Glucocorticoid-mediated repression of P450scc mRNA and de novo synthesis in cultured Leydig cells.

The regulation of cholesterol side-chain cleavage enzyme (P450scc) by glucocorticoids was investigated in mouse Leydig cell cultures. We recently demonstrated that P450scc is constitutively synthesized in Leydig cells and that the rate of P450scc synthesis is increased by chronic treatment of the cultures with 8-bromo-cAMP. We now report that glucocorticoids, specifically, decrease the constitutive and cAMP-induced synthesis of P450scc protein as well as the accumulation of P450scc mRNA. The treatment of cultures with as little as 10 nM dexamethasone resulted in a 50-60% decrease in the rate of synthesis of P450scc protein and mRNA content.
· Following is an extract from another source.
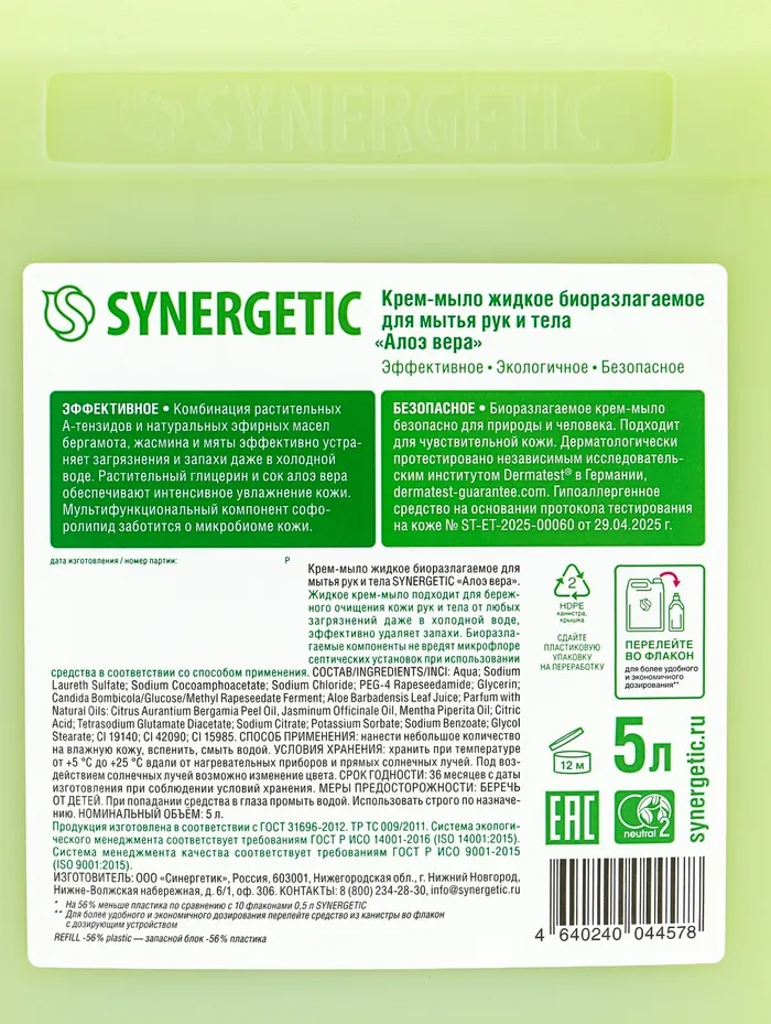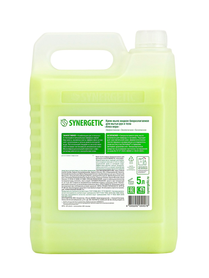 Крем-мыло SYNERGETIC "Алоэ вера" — это экологичное средство для бережного ухода за кожей рук и тела. Формула на основе растительных компонентов эффективно очищает, не пересушивая и сохраняя естественный баланс влаги. Экстракт алоэ вера интенсивно увлажняет, смягчает и успокаивает кожу, придавая ей ощущение свежести и комфорта после каждого применения.

The glucocorticoid-mediated decrease in P450scc synthesis was prevented when cultures were treated with the antiglucocorticoid RU-486. RU-486 alone had no effect on the rate of protein synthesis. The effect was specific for glucocorticoids; corticosterone (100 nM) or cortisol (100 nM) brought about a similar decrease as dexamethasone. Treatment of cultures with the progesterone agonist R5020 (100 nM), testosterone (2 microM), or estradiol (50 nM) had no effect on the rate of specific protein synthesis. The synthesis of iron sulfur protein reductase (ISP-reductase) and F1-ATPase were not affected by dexamethasone, indicating that the effect was specific for P450scc. The amount of P450scc mRNA was decreased 61% by dexamethasone and increased 144% by treatment with 8-bromo-cAMP. These data together with our previous finding on the negative regulation of P450(17 alpha) protein synthesis by testosterone suggest that the steroidogenic P450 enzymes in Leydig cells are negatively regulated by steroid hormones acting via their cognate receptors.